Met hun martelaarschap gaven de twee Apostelen in Rome het allerhoogste getuigenis van Christus. De wens van de heilige Paulus om naar Rome te komen benadrukt het woord katholiek. De weg naar Rome van de heilige Petrus, als vertegenwoordiger van de volkeren van de wereld, wordt vooral bepaald door het woord één: zijn taak bestaat in het creëren van de eenheid van het katholieke, van de Kerk bestaande uit joden en heidenen, van de Kerk van alle volkeren. Dit is de blijvende missie van de heilige Petrus: ervoor zorgen dat de Kerk zich nooit zal vereenzelvigen met één enkel land, of met één bepaalde cultuur of staat. Moge de Kerk altijd van allen zijn.
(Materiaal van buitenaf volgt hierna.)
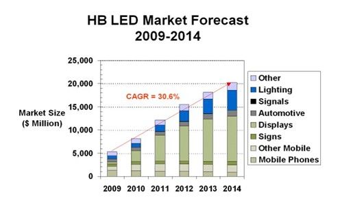 根据 Strategies Unlimited 公司的数据 (参见图 1),到 2012 年,高亮度 (HB) LED 的市场规模预计将达到 120 亿美元,到 2015 年,该市场将增长到 202 亿美元,年复合增长率为 30.6%。目前,用来给显示器进行背光照明的 LED 是这种前所未有的增长的主要驱动力。应用包括高清电视机(HDTV)、汽车显示器和大量手持式设备。为了保持这种令人惊叹的增长率,LED 不仅必须提供增强的可靠性、更低的功耗和更小 / 更扁平的外形尺寸,而且必须实现对比度、画面清晰度和色彩准确的明显改进。此外,汽车、航空电子设备和航海电子产品的显示器必须最大限度地实现所有这些改进,同时能接受从明亮的太阳光到没有月亮的夜晚等多种环境照明条件。这些由晶体管液晶显示器(TFT-LCD) 实现的显示应用包括信息娱乐系统、计量表和种类繁多的仪表显示器。用 LED 对这些显示器进行背光照明引起了一些独特的 LED IC 驱动器设计挑战,因为要在多种环境照明条件下优化显示器的可读性。这要求 LED 驱动器能提供非??淼牡鞴獗群透咝首唬蹦艹惺芷抵邢喽钥量痰牡缂拔锢砘肪车难峡嵝?。最后,这些解决方案必须提供非常扁平、紧凑的占板面积,同时提高性价比。

Dat zij de mensheid weet te verenigen boven alle grenzen uit en dat zij, te midden van alle verdeeldheid in deze wereld, Gods vrede, de verzoenende kracht van zijn liefde aanwezig maakt. [Benedictus XVI, Homilie tijdens het hoogfeest van de HH. Petrus en Paulus, 29-6-2008]

Tijdens de laatste jaren van zijn leven op aarde, herhaalde de heilige Jozefmaria vaak dat het een tijd was om te bidden en eerherstel te brengen; en dat het eveneens een tijd was om dank te zeggen omdat Gods hulp niet ontbreekt. Wij moeten doorgaan ons zo te gedragen: vol van optimisme en vertrouwen, want zoals onze Vader beeldend wist te verwoorden: non est abbreviata manus Domini, de hand van God is niet korter geworden (Is 59, 1): God heeft nu niet minder macht dan in vroeger tijden. Hij bemint de mensen niet minder dan toen [H. Jozefmaria, Als Christus nu langs komt, nr. 130]. Wij christenen moeten meewerken met ons gebed en onze boete, met ons werk verricht met menselijke perfectie, in vereniging met het Altaaroffer. Als we met de Heer omgaan in het gebed, kunnen we ons bewegen met een opgeruimde blik die ons in staat stelt de werking van de heilige Geest te onderscheiden, ook in gebeurtenissen die we soms niet begrijpen of die ons verdriet of pijn veroorzaken. [H. Jozefmaria, Trouw aan de Kerk, 4-6-1972]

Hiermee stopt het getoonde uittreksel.